Digital Operational Resilience Act (DORA): Challenges and Opportunities for Financial Institutions
Introduction
As of January 17, 2025, all EU financial institutions are required to implement the Digital Operational Resilience Act (DORA), a new EU regulation aimed at increasing cybersecurity in the financial sector. A recent survey by metafinanz found that the average implementation rate in medium-sized financial companies is around 45%, with none of the surveyed organizations expecting to meet the deadline.
The biggest challenges
The authors of the study attributed this to the late publication of technical standards with detailed regulations. According to the German Insurance Association (GDV), some technical details are still unclear. One of the key points is the management of third-party risks. Financial institutions must not only control internal IT risks but also consider threats from third-party providers and their subcontractors. "For contract management with service providers, the outstanding specifications for sub-contracting need to be finalized quickly," said Jörg Asmussen, Chief Executive of GDV.
The need for a clear focus on long-term resilience
Ron Kneffel, Chairman of the CISO Alliance, confirmed that many companies have not yet completed all the necessary measures. "The biggest hurdles remain in renegotiating existing contracts with IT service providers and partners, as well as creating and maintaining detailed information registers," he explained. "The integration of new regulatory requirements into existing processes is a significant challenge, particularly without disrupting ongoing business operations."
The estimated costs for implementation
The estimated costs for implementation will vary. "The expenses depend on the complexity of the requirements, which will range from moderate to high," said Kneffel.
DORA can be costly if not implemented on time
According to Versicherungswirtschaft Heute, DORA can be expensive if not implemented by January 17. The fine from the financial supervisory authority Bafin depends on the financial institution’s behavior.
Opportunities for improvement
Kneffel sees a silver lining in the use of IT-supported solutions and outsourcing IT security services. "Specialized tools and services are being used, and the potential of artificial intelligence (AI) is being evaluated.
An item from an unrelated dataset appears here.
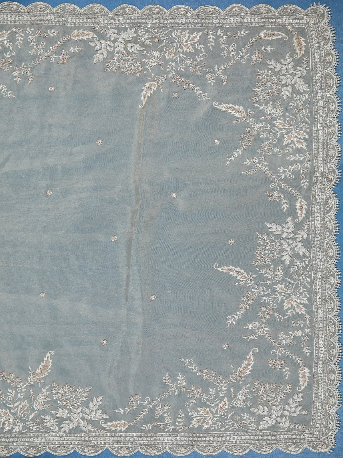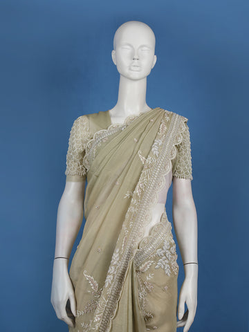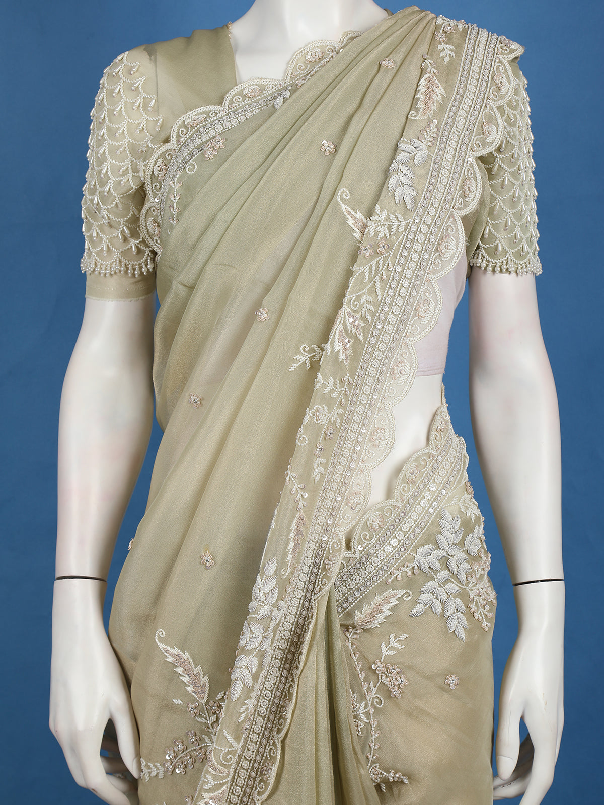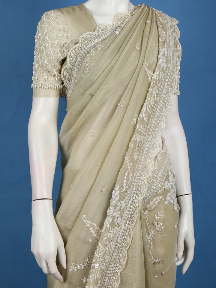 Radiate poise and elegance in this Olive Green Floral Embroidered Net Organza Tissue Saree, a stunning creation that captures the beauty of delicate craftsmanship. The saree features intricate floral thread and bead embroidery, beautifully accentuating the sheer net base with a subtle shimmer. Its scalloped embroidered border adds a refined charm, making it a masterpiece of graceful femininity.

These technologies offer enormous potential to accelerate compliance processes and optimize them, although their implementation requires additional resources."
Conclusion
The implementation of DORA presents both challenges and opportunities for financial institutions. While the process may be complex and time-consuming, the benefits of increased cybersecurity and operational resilience are well worth the effort. By prioritizing the remaining tasks, coordinating between departments, and focusing on long-term sustainability, financial institutions can overcome the hurdles and achieve the desired level of digital resilience.
FAQs
- What is the Digital Operational Resilience Act (DORA)?
DORA is a new EU regulation aimed at increasing cybersecurity in the financial sector. - What is the deadline for implementing DORA?
The deadline is January 17, 2025. - What are the biggest challenges in implementing DORA?
The biggest challenges include the late publication of technical standards, the need to renegotiate existing contracts, and the integration of new regulatory requirements into existing processes. - What are the estimated costs for implementation?
The estimated costs will vary, ranging from moderate to high, depending on the complexity of the requirements. - Can DORA be implemented too late?
Yes, if not implemented on time, DORA can be expensive, with fines from the financial supervisory authority Bafin. - What are the opportunities for improvement?
The use of IT-supported solutions and outsourcing IT security services can help overcome the challenges, with the potential for artificial intelligence (AI) to accelerate compliance processes and optimize them.